MS: Numa estrutura privada, quais são os seus objetivos para este Dakar? É essencialmente desfrutar e chegar ao fim?

AA: ‘Eu vou ser muito sincero. Eu pretendo tentar absorver o máximo de experiência, seja ao nível de mota, como ao nível pessoal, com pessoas do Dakar. Obviamente é tentar chegar ao fim, eu creio que estou preparado e creio que, se não houver nenhum azar maior eu consigo chegar ao fim. E tentar divertir-me o máximo possível porque, como disse antes, eu não sou um piloto profissional, sou um piloto amador, mas com muita paixão naquilo que faço. E quero tentar absorver o máximo possível’.

MS: Quais é que são as suas expectativas acerca do percurso com base nas informações já conhecidas?

AA: ‘Este ano, eu penso que este Dakar vai ser mais difícil ao nível de navegação e ao nível físico em relação ao do ano passado [2020]. A organização quer reduzir as velocidades, a organização quer mais segurança nesta prova. Infelizmente, como todos nós sabemos os acidentes acontecem e às vezes acabam da pior maneira.

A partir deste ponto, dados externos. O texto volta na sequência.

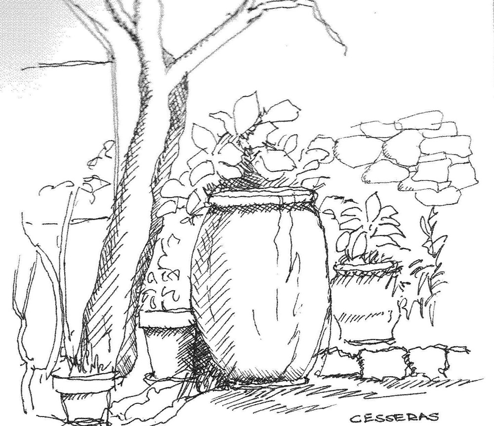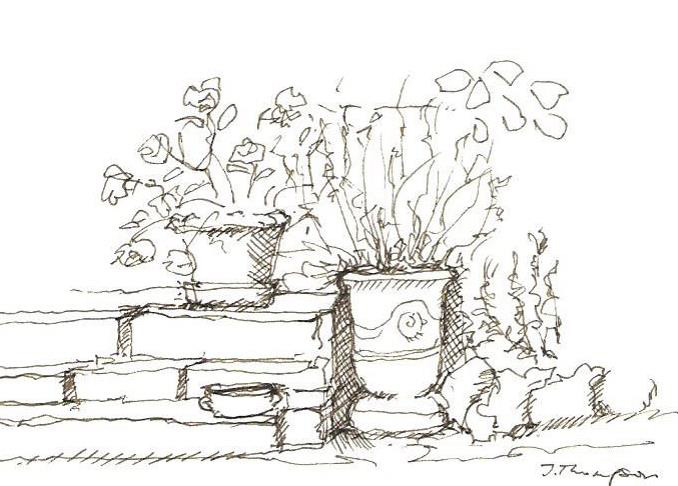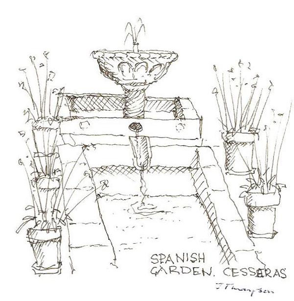 On the left of the pergola, a Moorish style garden room with a narrow, rectangular pond decorated with beautiful, Spanish, multicoloured tiles. What better way to prepare us for the presentation by Liz on Persian gardens? On the other side of the pergola the ancient vines have been retained.

E então eles, ao reduzir a prova e a fazer passar os pilotos por zonas mais técnicas e reduzindo a velocidade em certas zonas, vai passar-se mais tempo em cima da mota. Zonas que seriam mais fluídas, eles vão tentar escolher zonas mais técnicas, portanto vai desgastar a parte física mais um bocadinho. Temos também de ter cuidado para não estragar a moto. Portanto, resumindo e concluindo, se calhar em vez de passarmos cinco ou seis horas em cima da moto, estou convencido que este ano [2021] vamos passar sete ou oito’.